THE PROBLEM >> From the line with "1pc Cartoon vegetables" down to the final line of the material, please transcribe everything exactly, but leave the pictures out.

** Opening DATASET EXCERPT block **

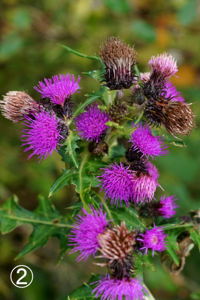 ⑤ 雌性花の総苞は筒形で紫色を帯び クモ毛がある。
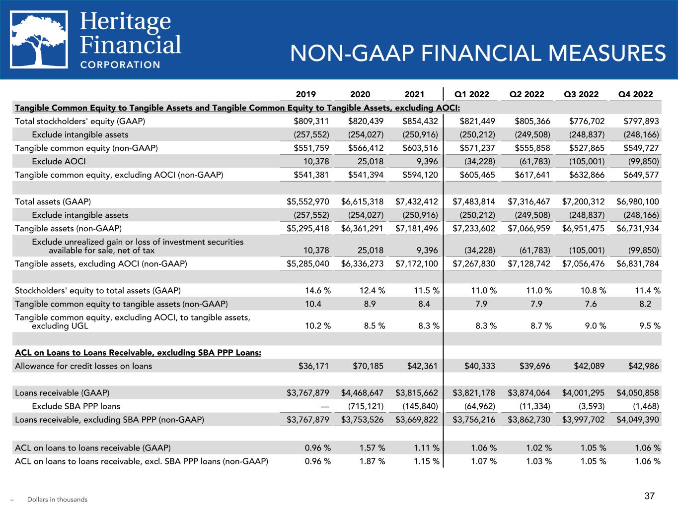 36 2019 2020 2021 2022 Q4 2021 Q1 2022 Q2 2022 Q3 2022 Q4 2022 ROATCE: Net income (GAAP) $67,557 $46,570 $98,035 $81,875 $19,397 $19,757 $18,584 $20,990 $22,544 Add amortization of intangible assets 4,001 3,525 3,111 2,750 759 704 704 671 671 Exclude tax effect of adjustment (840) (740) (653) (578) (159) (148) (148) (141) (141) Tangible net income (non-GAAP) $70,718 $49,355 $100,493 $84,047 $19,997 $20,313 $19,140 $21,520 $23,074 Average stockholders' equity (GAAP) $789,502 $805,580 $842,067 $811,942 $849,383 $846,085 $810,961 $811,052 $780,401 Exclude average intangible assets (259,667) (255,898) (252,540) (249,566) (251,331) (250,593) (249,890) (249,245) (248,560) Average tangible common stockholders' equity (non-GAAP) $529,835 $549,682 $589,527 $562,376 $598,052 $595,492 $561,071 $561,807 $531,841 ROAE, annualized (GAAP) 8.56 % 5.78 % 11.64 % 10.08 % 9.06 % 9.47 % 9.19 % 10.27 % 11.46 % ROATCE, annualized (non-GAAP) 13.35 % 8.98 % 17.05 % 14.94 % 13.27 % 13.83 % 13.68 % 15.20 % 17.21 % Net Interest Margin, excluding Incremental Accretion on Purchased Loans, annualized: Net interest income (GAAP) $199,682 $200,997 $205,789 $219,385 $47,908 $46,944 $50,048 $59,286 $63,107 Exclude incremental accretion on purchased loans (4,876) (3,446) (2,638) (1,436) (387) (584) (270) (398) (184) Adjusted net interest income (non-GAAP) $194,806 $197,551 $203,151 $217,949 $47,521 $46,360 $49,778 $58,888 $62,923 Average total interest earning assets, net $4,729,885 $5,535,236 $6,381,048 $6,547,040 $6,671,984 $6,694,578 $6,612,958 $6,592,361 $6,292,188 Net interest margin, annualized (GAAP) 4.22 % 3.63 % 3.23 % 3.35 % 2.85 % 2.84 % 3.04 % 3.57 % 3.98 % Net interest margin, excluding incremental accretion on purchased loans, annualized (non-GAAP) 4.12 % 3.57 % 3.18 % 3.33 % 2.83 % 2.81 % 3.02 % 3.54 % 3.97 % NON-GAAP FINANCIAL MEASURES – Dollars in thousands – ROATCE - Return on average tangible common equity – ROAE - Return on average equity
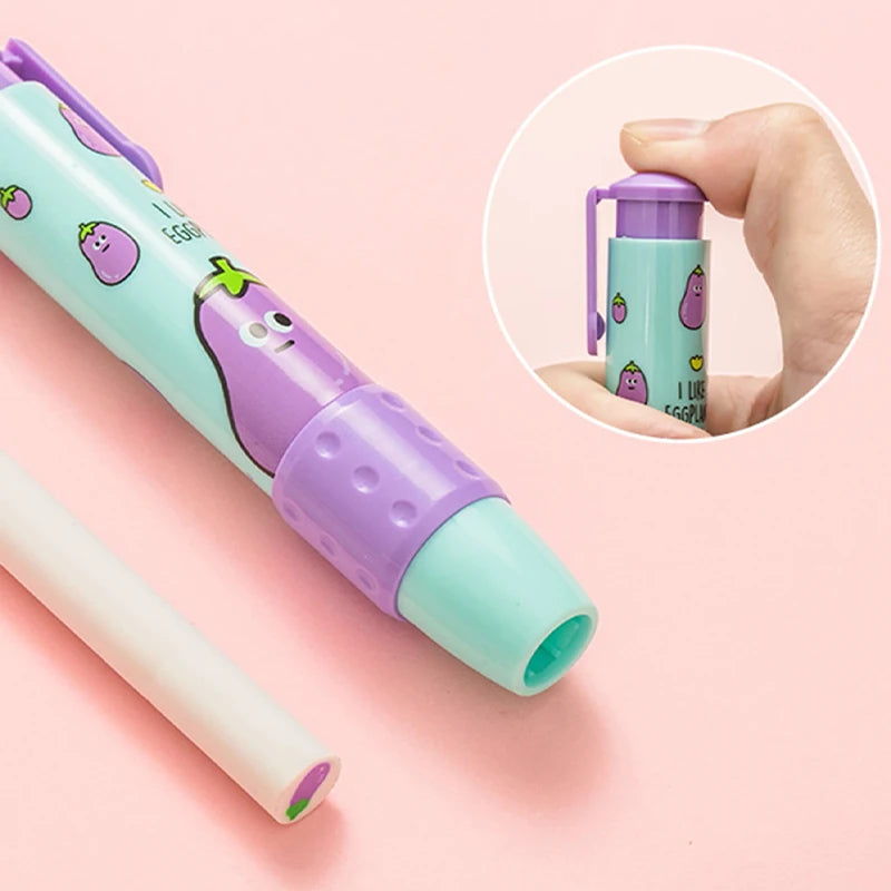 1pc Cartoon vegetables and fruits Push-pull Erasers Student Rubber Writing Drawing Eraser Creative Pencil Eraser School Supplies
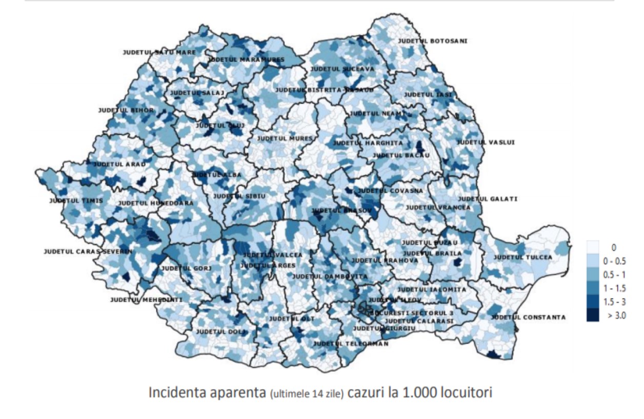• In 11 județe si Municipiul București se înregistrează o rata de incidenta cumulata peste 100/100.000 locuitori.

** Closing DATASET EXCERPT block **

TASK OUTPUT >>
 1pc Cartoon vegetables and fruits Push-pull Erasers Student Rubber Writing Drawing Eraser Creative Pencil Eraser School Supplies
• In 11 județe si Municipiul București se înregistrează o rata de incidenta cumulata peste 100/100.000 locuitori.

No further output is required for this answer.